§ Your instructions
In the listing below, the lines starting at the line with "Simulation analysis of" and ending at the line with "ekワゴンの磨き作業です。 チョーキングが発生した塗装肌をガッツリ磨いてリフレッシュさせております。 初期研磨…" are to be output verbatim. Images stay out of the copy.

§ Excerpted data

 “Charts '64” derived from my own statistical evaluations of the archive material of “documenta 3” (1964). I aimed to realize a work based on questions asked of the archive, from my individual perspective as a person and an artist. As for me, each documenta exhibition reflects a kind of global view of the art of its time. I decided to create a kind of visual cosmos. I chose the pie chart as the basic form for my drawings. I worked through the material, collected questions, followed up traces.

--

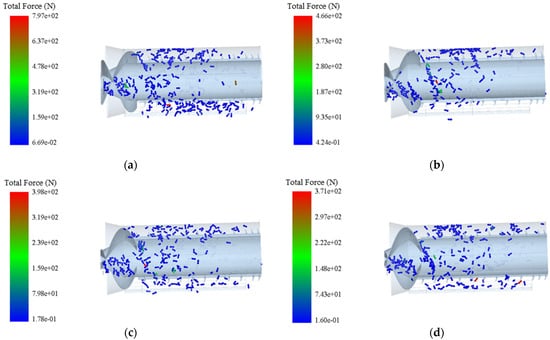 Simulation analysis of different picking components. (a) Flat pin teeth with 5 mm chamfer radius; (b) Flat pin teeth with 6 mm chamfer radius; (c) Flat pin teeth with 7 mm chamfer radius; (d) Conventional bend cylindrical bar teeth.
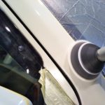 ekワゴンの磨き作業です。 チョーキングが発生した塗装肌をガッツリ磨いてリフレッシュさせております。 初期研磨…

---

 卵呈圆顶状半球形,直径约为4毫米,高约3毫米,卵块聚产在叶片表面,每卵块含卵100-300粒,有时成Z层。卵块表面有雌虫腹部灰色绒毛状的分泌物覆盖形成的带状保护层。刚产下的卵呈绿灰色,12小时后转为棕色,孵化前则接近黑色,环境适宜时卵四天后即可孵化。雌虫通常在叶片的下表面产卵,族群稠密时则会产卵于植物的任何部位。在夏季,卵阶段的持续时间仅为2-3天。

§ Exercise output
 Simulation analysis of different picking components. (a) Flat pin teeth with 5 mm chamfer radius; (b) Flat pin teeth with 6 mm chamfer radius; (c) Flat pin teeth with 7 mm chamfer radius; (d) Conventional bend cylindrical bar teeth.
 ekワゴンの磨き作業です。 チョーキングが発生した塗装肌をガッツリ磨いてリフレッシュさせております。 初期研磨…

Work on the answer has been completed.